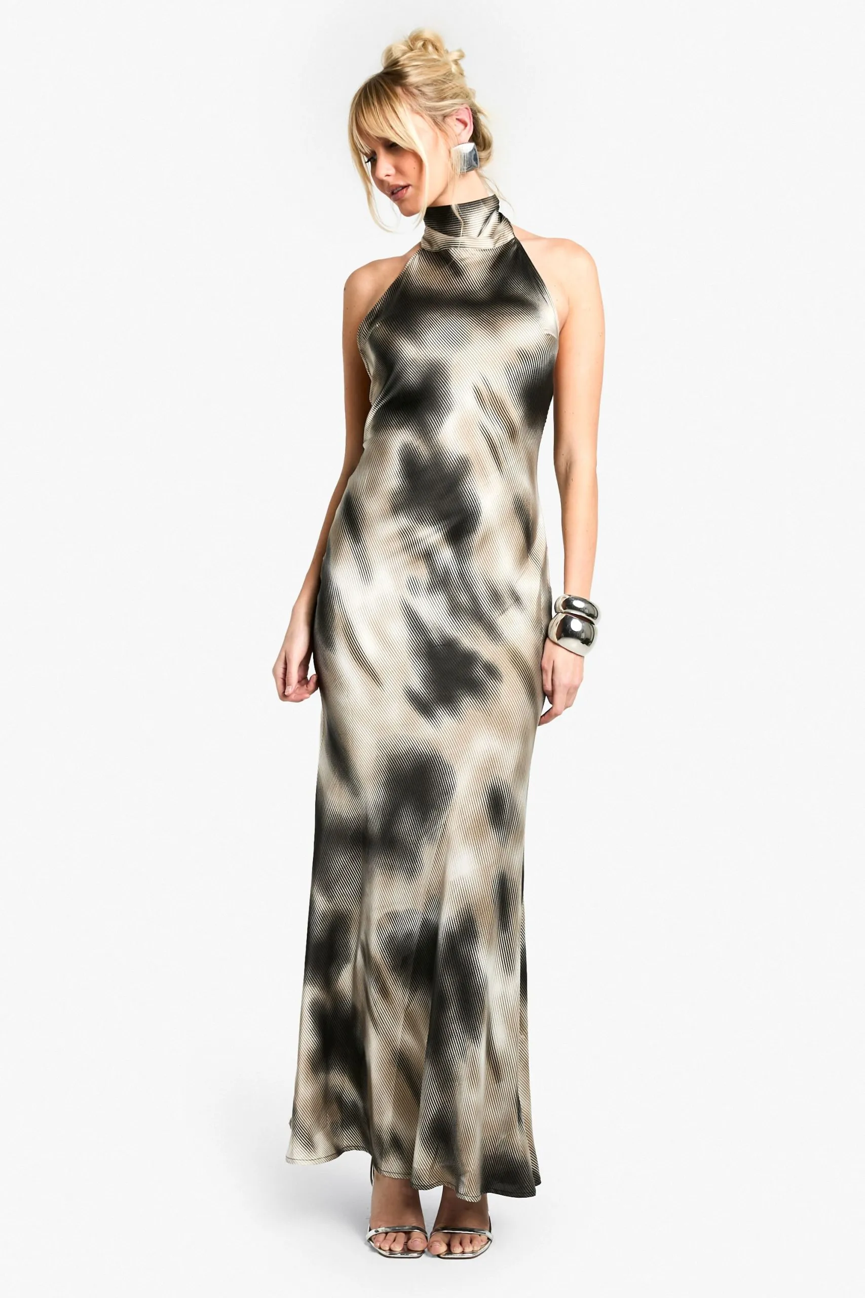 • Blur Stripe Halterneck Maxi Dress
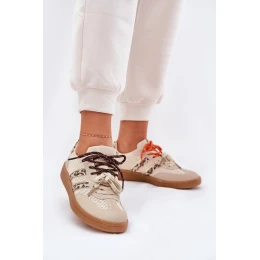 Sneakersy Damskie Z Podwójnym Sznurowaniem Panterka Beżowe Ollabes
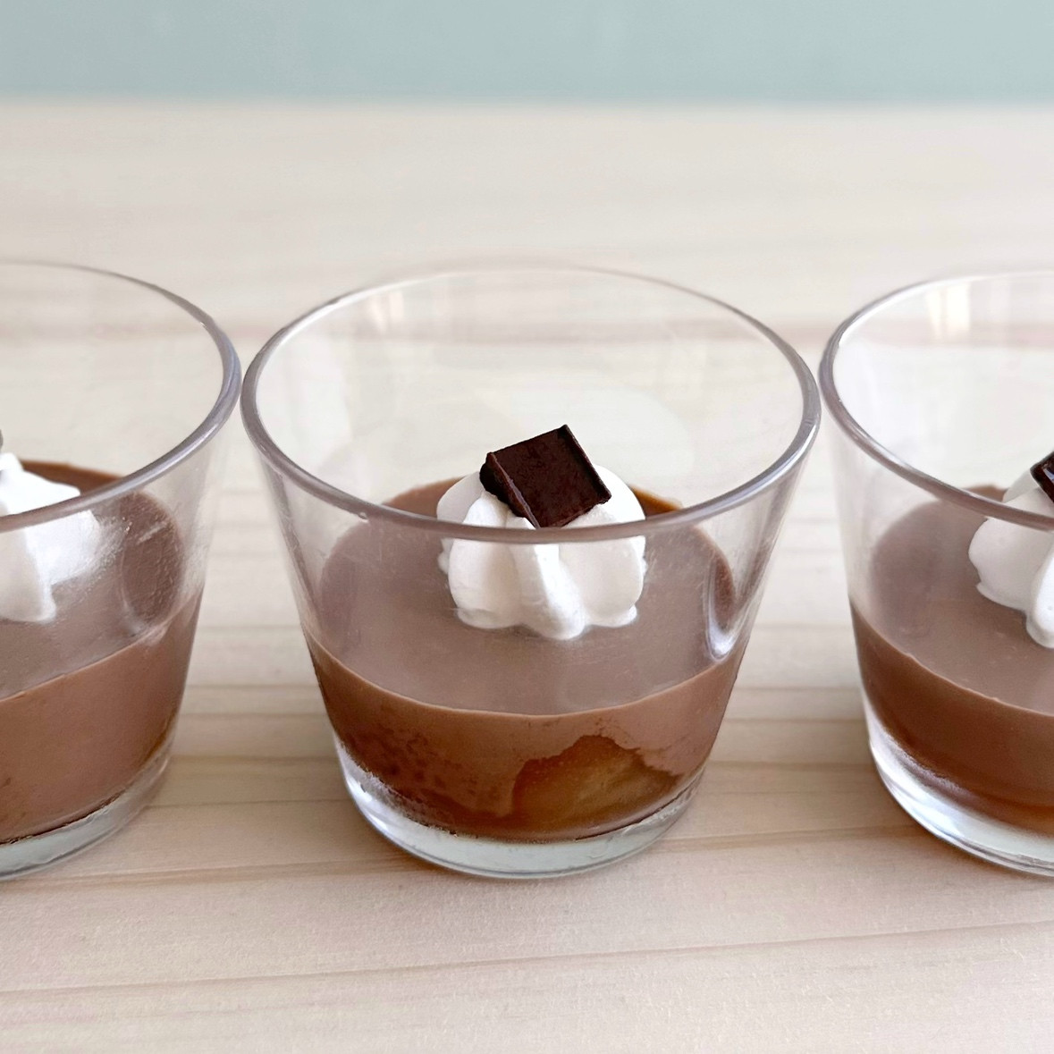 当店で定番人気となっているチョコプリンですが、今秋は洋梨のコンポートをプラスしました。洋梨の風味とチョコレートのほろ苦さが秋の深まりを感じさせてくれる、ちょっぴり大人な味わいのスイーツです。(アレルギー:乳、ゼラチン)
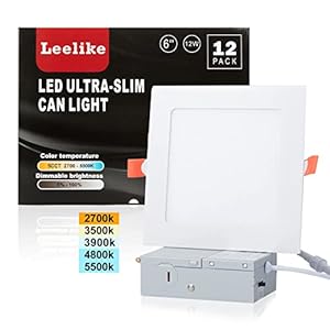 UncategorizedLeelike 12 Pack 6 inch 12W Dimmable Square LED Can Light Retrofit with Junction Box, 960lm/CRI85 Ultra Thin LED Downlight 5CCT 2700K-5500K Adjustable with a Simple Switch IC Rated,ETL Certified
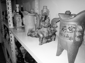 “‘扬州八怪’酒瓶,是我花了2000多块钱从信阳买回来的;‘马鹰酒’是‘马英九’的谐音,酒瓶上的图案由‘马’和‘鹰’组成,做工浑然天成,是上海世博会期间从台湾流传到内地的;‘板砖烧’酒瓶外形像块砖头,做工很原始,看着酒瓶就能让人体联想到蒙古人的豪爽和彪悍;‘瑶家三花酒’酒瓶是用竹子做成的,材质别具一格……”武新春说,闲暇时,她喜欢独自一人坐在收藏室内,回忆收藏酒瓶时的一点一滴,体味收藏带来的快乐。
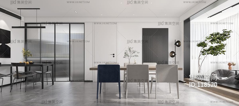 现代餐厅餐桌椅,懒人沙发 3d模型下载 [模型ID:118520]
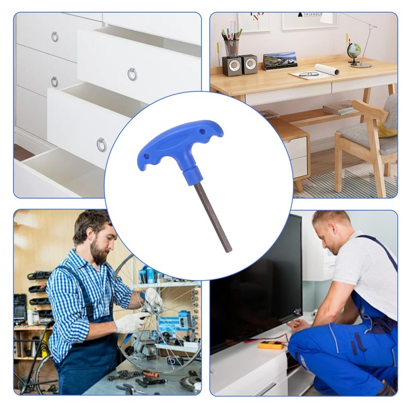 Widely used for removing and installing socket head screws in towel bars, door handles, assembled furniture, appliances, and more. Whether you are assembling furniture, repairing machinery, or working on automotive projects, the T-Handle Hex Wrench is an essential addition to your toolbox. Its versatility coupled with excellent build quality makes it a reliable tool that will serve you well for years to come.
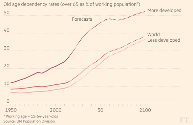 We have probably all know that the population is ageing. The FT chart below tells a story about the potential economic impact of these changes by showing the number of people over the age of 65 as a percentage of the working population.
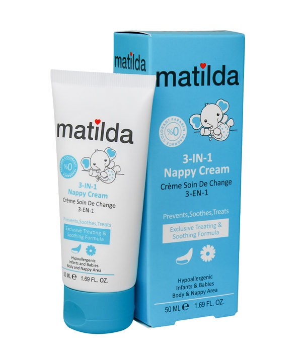 بعد از هربار تعويض پوشک، يک لايه ضخيم از کرم 3 در 1 ماتيلدا بر روي پوست خشک و تميز کودک استفاده شود.
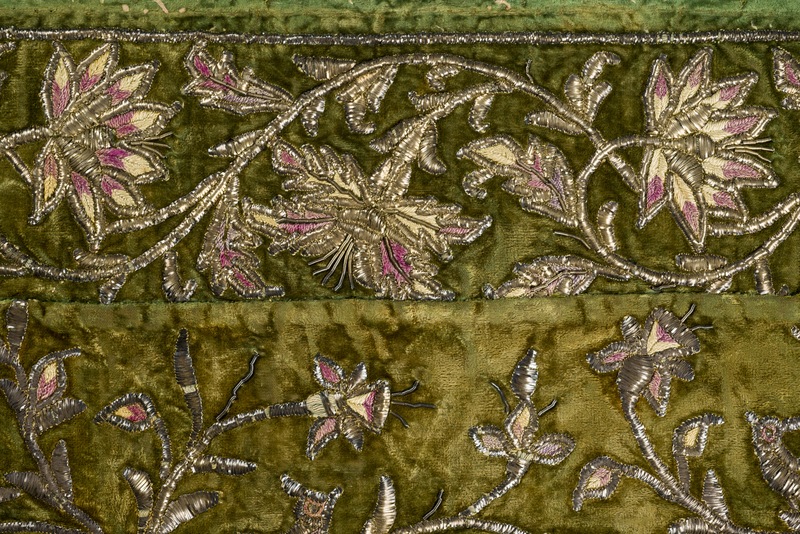 Velvet Embroidery (detail); possible garment fragment, silk velvet with metal and silk embroidery; 19th Century, Kashan Region, Iran, 18 x 21”
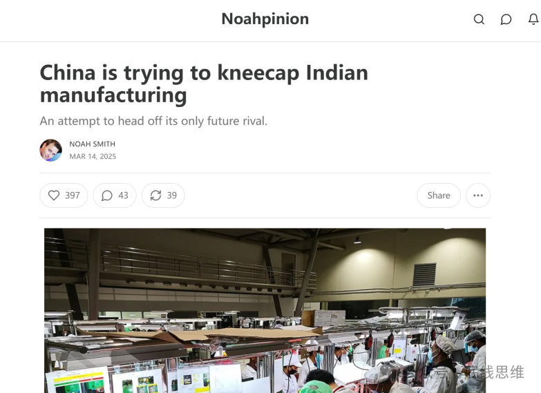 最近,美国知名经济学家和互联网意见领袖诺亚·史密斯(Noah Smith)发布一篇重磅博文,题为《中国正在试图削弱印度的制造业》(China is trying to kneecap Indian manufacturing)。这篇文章传达了一种听起来非常刺激的观点:因为中国将印度视为地缘政治对手和潜在的产业经济威胁,因此阻止投资、技术、人才流入印度,以此削弱印度的地缘战略潜力。
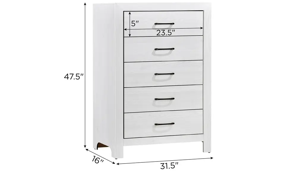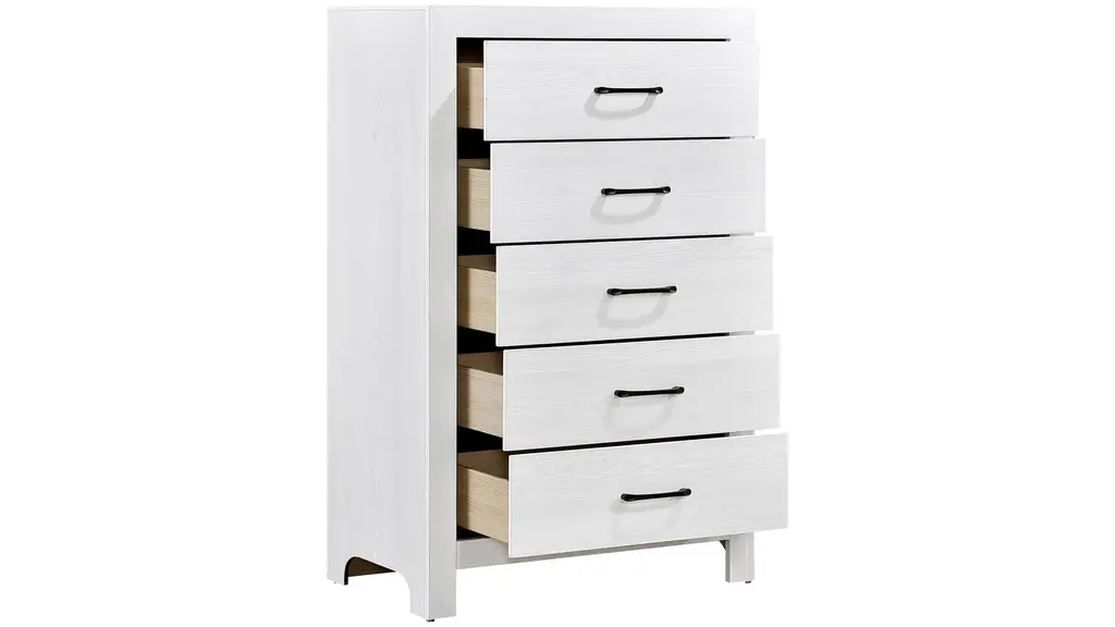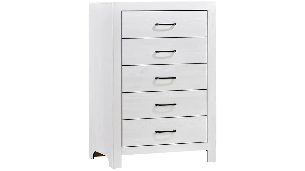 Modern lines and rustic styling are paired to create the look of the Bijou Chest. The embossed faux-wood veneer's texture is highlighted by a rustic finish for a realistic wood look. Providing complementing contrast, the drawer fronts of the chest feature black metal hardware. Subtle framing defines the profile of the chest, further lending to the unfettered design.
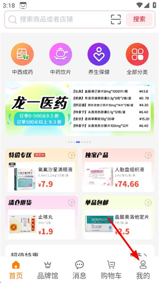 1、在藥品終端網(wǎng)首頁,點擊底部導(dǎo)航欄的我的選項,進(jìn)入個人中心頁面。
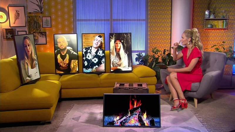 • V.l.: Jacky, Diogo, Calvin, Pia und Moderatorin Angela Finger-Erben. Die Verwendung des sendungsbezogenen Materials ist nur mit dem Hinweis und Verlinkung auf TVNOW gestattet.
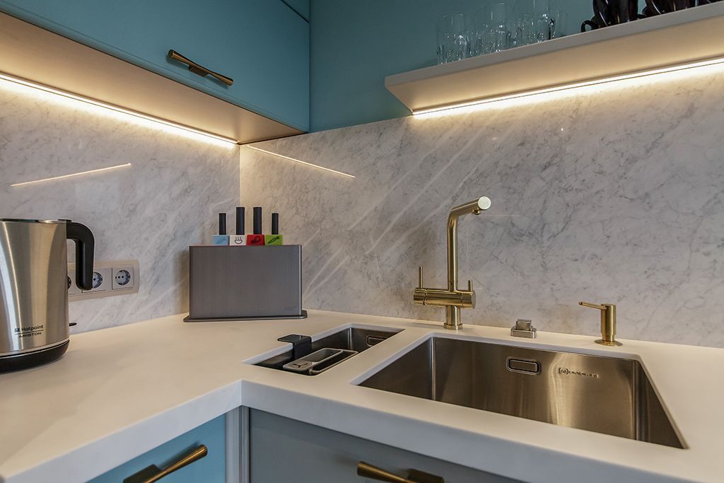 При подсветке рабочей зоны необходимо было создать яркое и, одновременно, мягкое освещение. Кроме того, минимальное количество шкафов и полок над рабочей поверхностью требовали максимально незаметных светильников.
• • • • •
What is required | Give again, word for word, every line from the top of the entries above to the line holding "当店で定番人気となっているチ", both included. Leave the pictures out.

Written reply |
 • Blur Stripe Halterneck Maxi Dress
 Sneakersy Damskie Z Podwójnym Sznurowaniem Panterka Beżowe Ollabes
 当店で定番人気となっているチョコプリンですが、今秋は洋梨のコンポートをプラスしました。洋梨の風味とチョコレートのほろ苦さが秋の深まりを感じさせてくれる、ちょっぴり大人な味わいのスイーツです。(アレルギー:乳、ゼラチン)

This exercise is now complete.